2.2. Interobserver Variability and Intratumor Heterogeneity

Since TSR is a histologic parameter that can be easily assessed by routine microscopy alone, its reproducibility and feasibility have been scrutinized. Souza et al. reported high interobserver agreement among pathologists scoring TSR in CRC [21]. These results have been validated with several studies reporting moderate to high interobserver agreement in TSR assessment (Cohen’s kappa, range 0.42–0.85) [19][22][23][24].

2.3. Prognostic Value

Tumor associated stroma plays an active role in tumor invasion and metastasis. In a meta-analysis including 4238 patients with solid tumors, the relationship between TSR and prognosis was explored. The authors found that patients with low TSR (stroma-high) were at increased risk of shorter OS and DFS, advanced clinical stage, increased depth of invasion and lymph node metastasis [25]. These findings have been reproduced in subsequent studies which found that stroma-rich tumors had worse outcomes [26][27].

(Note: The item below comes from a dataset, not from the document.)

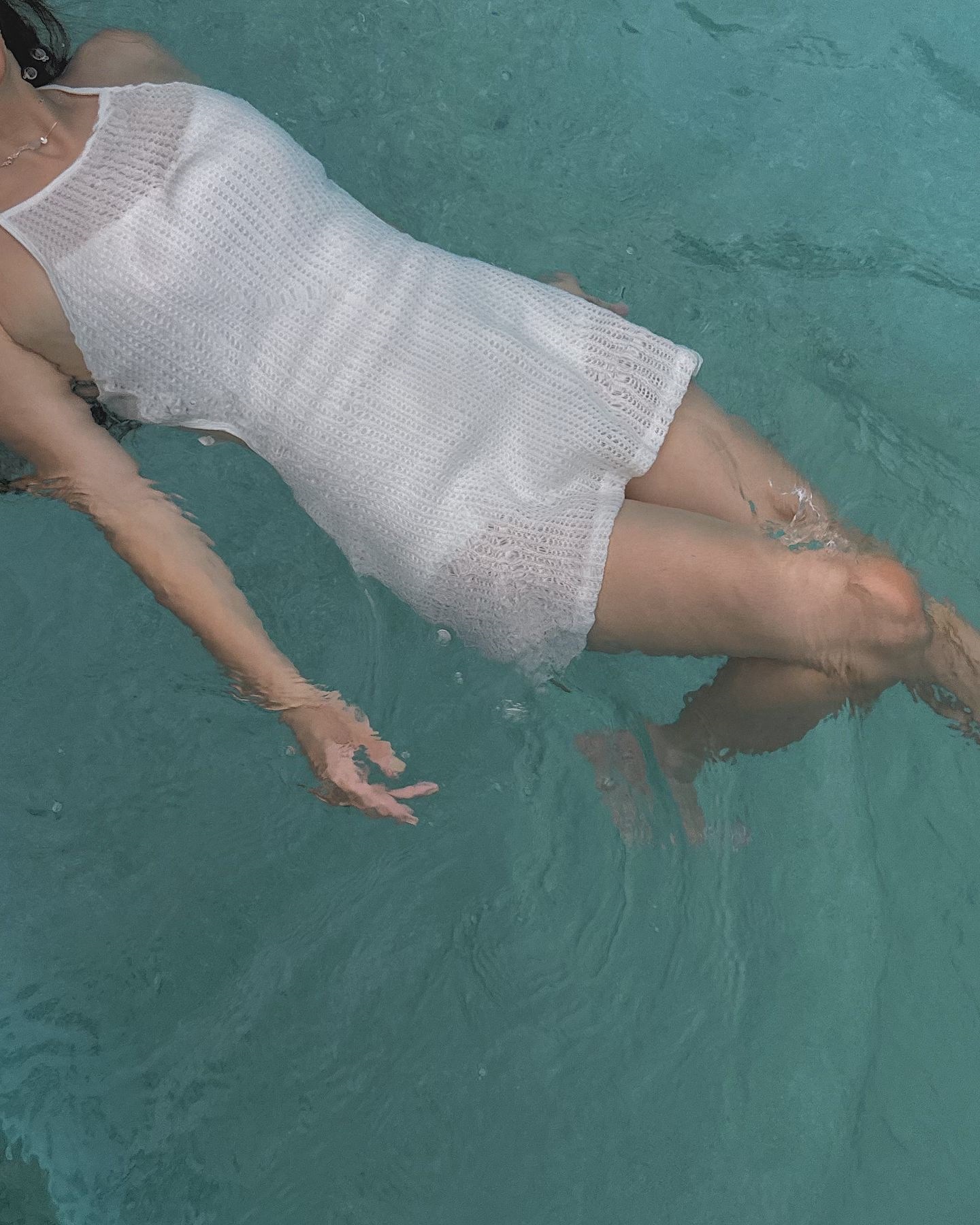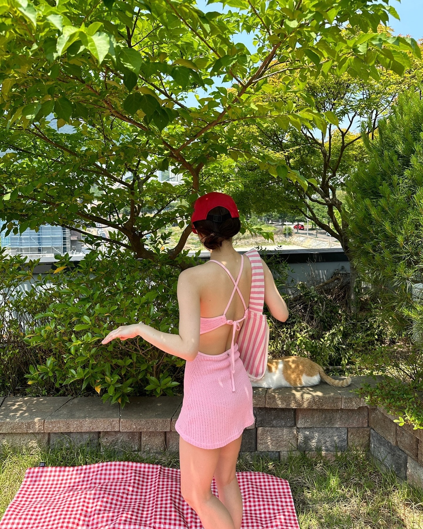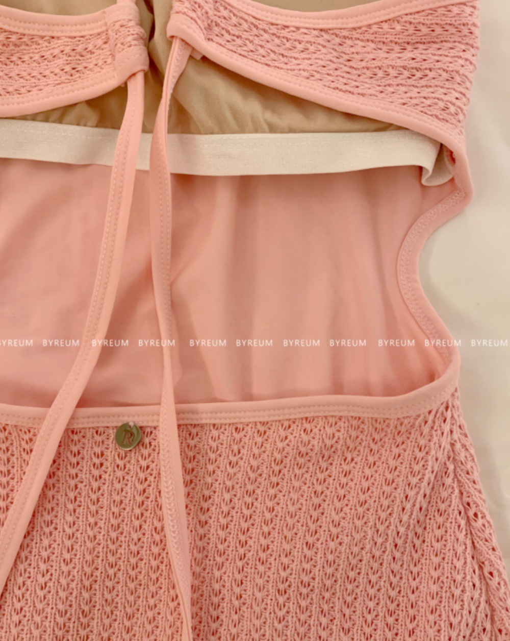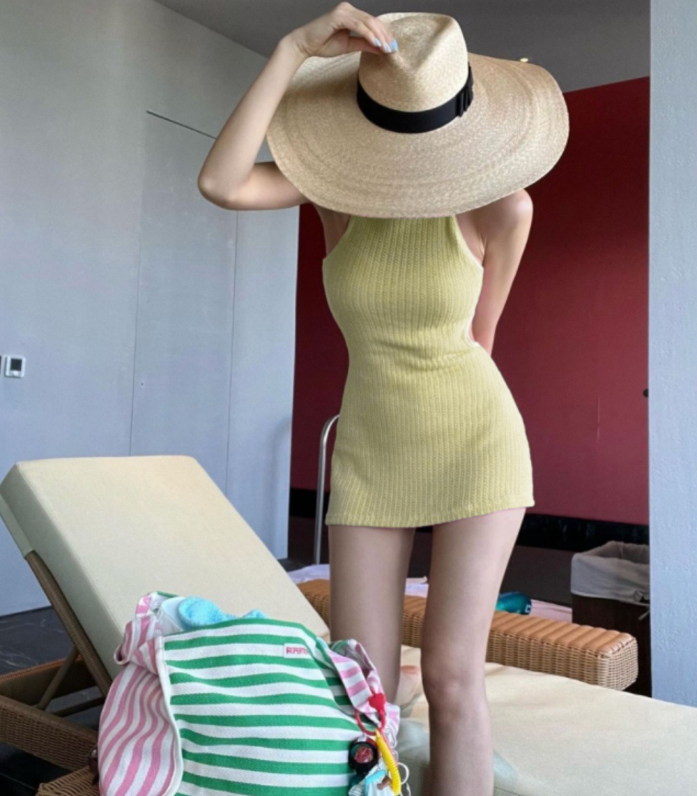 한국 2025 새로운 수영복 여성 원피스 트라이앵글 스커트 하이 엔드 퓨어 컬러 화이트 섹시 퓨어 사이드 휴가스토어 가기
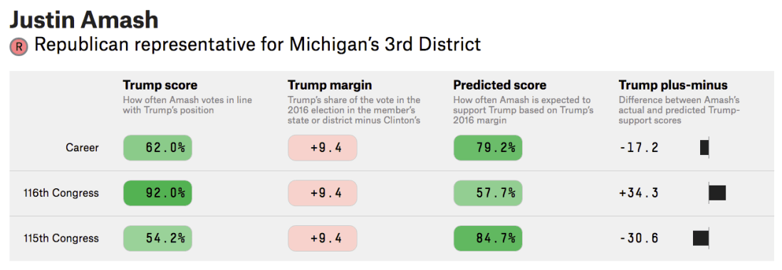 So if Amash is opposed to Trump, he must be one of those renegades who doesn’t vote with his own party, right? Well, FiveThirtyEight did the math …

2.4. Tumor Stroma Ratio and Tumor Characteristics

A few studies evaluated associations between TSR and histopathologic tumor characteristics in CRC. Stroma-high CRC tended to have higher T and N stage, resection margin positivity, peritoneal involvement, infiltrative growth at the invasive front and TB, whereas tumor necrosis was more common in stroma-low CRCs (high TSR) [26][28][29]. MSI-H CRCs tended to show high TSR (stroma-low) [29]. There was no difference in gender of the patients, tumor location (colon vs. rectum), tumor differentiation, venous invasion, tumor perforation and local or systemic inflammatory response between the stroma-high and stroma-low groups [26]. Conflicting data exist regarding the associations between age vs. stroma amount [26][30].

2.5. Resistance to Therapy

As is the case with other intrinsic tumor features such as hypoxia, pH and vascular shunting, TSR may contribute to chemoresistance [31]. Hagenaars at al observed that, when compared to their stroma-high counterparts, patients with stroma-low breast tumors were 2.46 times more likely to have a complete response after neoadjuvant therapy [32]. Similar observations have been reported in esophageal carcinoma, suggesting the deleterious effect of stroma in gastrointestinal tumors [33].
In a recent study comparing rectal cancer biopsies, Liang et al. observed a similar trend as patients with high stromal content biopsies were less likely to respond to neoadjuvant treatment. Likewise, the amount of stroma in the pre-treatment biopsy was inversely correlated with the degree of tumor regression [34].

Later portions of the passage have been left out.